This is the place to be for all your computer hardware, peripheral and driver needs!
This is the place to be for all your computer hardware, peripheral and driver needs!
A few basic tips before jumping straight to a hardware problem. In the tech world, Occams Razor holds true. That is to say the conclusion with the fewest assumptions is likely correct (go for the simplest explanation). Sometimes a simple fix can actually solve your problem, and they present like an actual hardware issue.
First and foremost: Have you tried turning it off and back on again? No seriously, restart your computer, and in a more extreme case, fully power it off, disconnect it from power, depress the power button a few times to fully discharge power and turn it on again.
2) Ensure all your software is up to date, and your OS too.

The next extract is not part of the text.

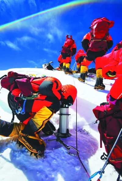 5月27日凌晨,8名队员咬紧牙关,从海拔8300米的营地一步步向峰顶挺进。冲顶最后短短1.4公里,大家攀爬了足足9个小时,最终登顶地球之巅。8848.86米,让世界再次见证了中国新高度!
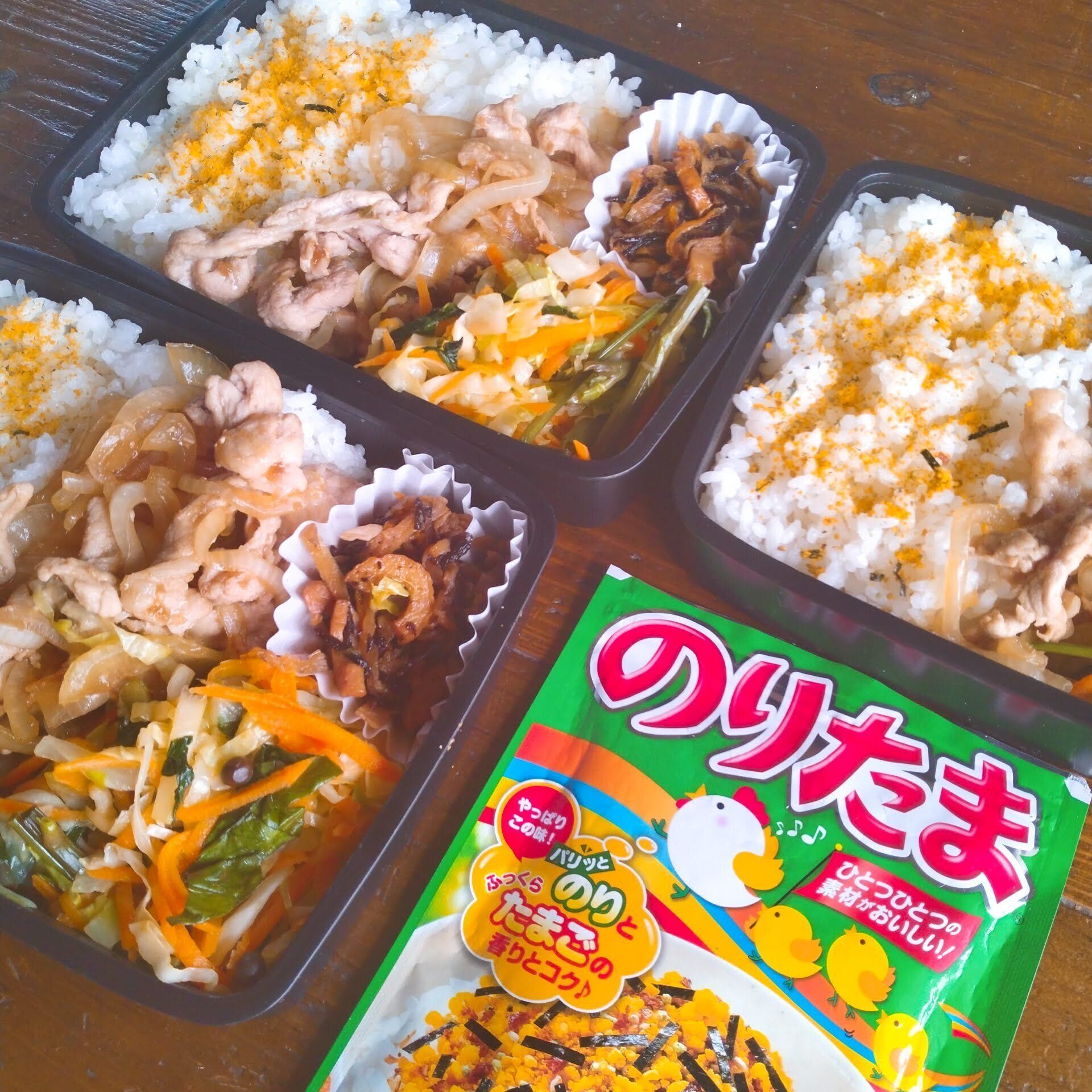 冷蔵庫の残り物や、夕飯のおかずをお弁当にスライドする関係上、ときにはお弁当が茶色一色になることも。そんな時には「ふりかけ」で彩りを足しています。

Ensure your GPU drivers are up to date. Do this by going into settings in windows, system preferences in macOS or your respective software center/terminal in Linux (this depends on your distro, but most commonly will be sudo apt update && sudo apt full-upgrade -y for ubuntu)
Update your GPU drivers via the Nvidia app or in AMD's adrenalin. If you use an older amd GPU it will be found in catalyst. If you use an intel GPU (either iGPU or fully dedicated) intel graphics software
3) If you are blue-screening, check the bluescreen code, particularly if you have an overclock, it may not be stable.
heres some common blue screens I ran across, this is not exhaustive:
Clock watchdog timeout: raise your vcore, or drop your overclocks on the cpu, this can occasionally be due to ram as well, so the same applies.
Page Fault in Nonpaged Area: This is due to a bad ram overclock, back it off, or raise your memory voltage/system agent, and raise your CAS latencies if applicable.
WHEA Uncorrectable Error: CPU related, raise VCORE or drop the clocks
IRQL Not Less or Equal: RAM related, back it off or raise voltage
Change the settings and reboot, change only one setting at a time.
4) If you are crashing under load, most of the time it will be a bad overclock, check your ram and cpu overclock settings in the bios as seen in step 3 or back it off on the GPU, if you have done this, reset back to stock settings in MSI afterburner, evga precision X or a tool of your choice and select default, or a setting that says similar, and click apply.
5) If you are still crashing under load, check your temps using a utility like HWInfo. Note that this may not yield the most accurate results but the closer to TjMax you are (Thermal junction, a hard limit before thermal throttling), the worse off you are. Check for dust and your cpu cooler/GPU cooler fitment. Reapply thermal paste as needed.
6) If you are having strange OS behavior, open command prompt as an administrator and run sfc /scannow. This looks for corrupted OS files. On mac OS, open terminal and do diskutil verifyvolume, youll then want to enter recovery mode, open terminal here and then do diskutil repairvolume /volumes/drivename
7) If you are having strange wake from sleep behavior, time keeps desyncing and you are loosing BIOS settings, change your CMOS battery. This is a small, flat circular battery (CR2032). I recently had to do this because I was getting a no display on sleep despite loading into the bios properly.
This is not an exhaustive guide, but it will get you well on your way to seeing what the issue is before an expensive part is replaced needlessly.
As an addendum, the basic advice for mobile devices is more limited and generally the same regardless of manufacturer. You want to start with the LEAST INTRUSIVE options first, as a hardware fault either means an RMA/new phone/take it to a repair shop who may or may not bungle their soldering job
1) Force close your misbehaving apps via the app switcher. This clears it out from RAM and may address random slowdowns or crashes
2) Check for a software update from both the OS/app vendor, clear them from the app switcher anyways too to double check.
3) Check your battery health, this can cause performance throttling and rapid charge loss, check for any bulges on the back. If you see this..STOP USING THE DEVICE IMMEDIATELY. A swollen battery is a huge safety hazard, replace it or take it to a shop ASAP.
4) If applicable, roll back to an older version of Android, this is a complex procedure that I wont go into here as it is beyond the scope of what this FAQ style thing is supposed to be, back up your data before you do this.
5) Power off the device, and leave it off for 30 seconds, turn it back on.
6) This is the most intrusive: Back everything up, and just nuke the whole thing, restore to factory settings and start over.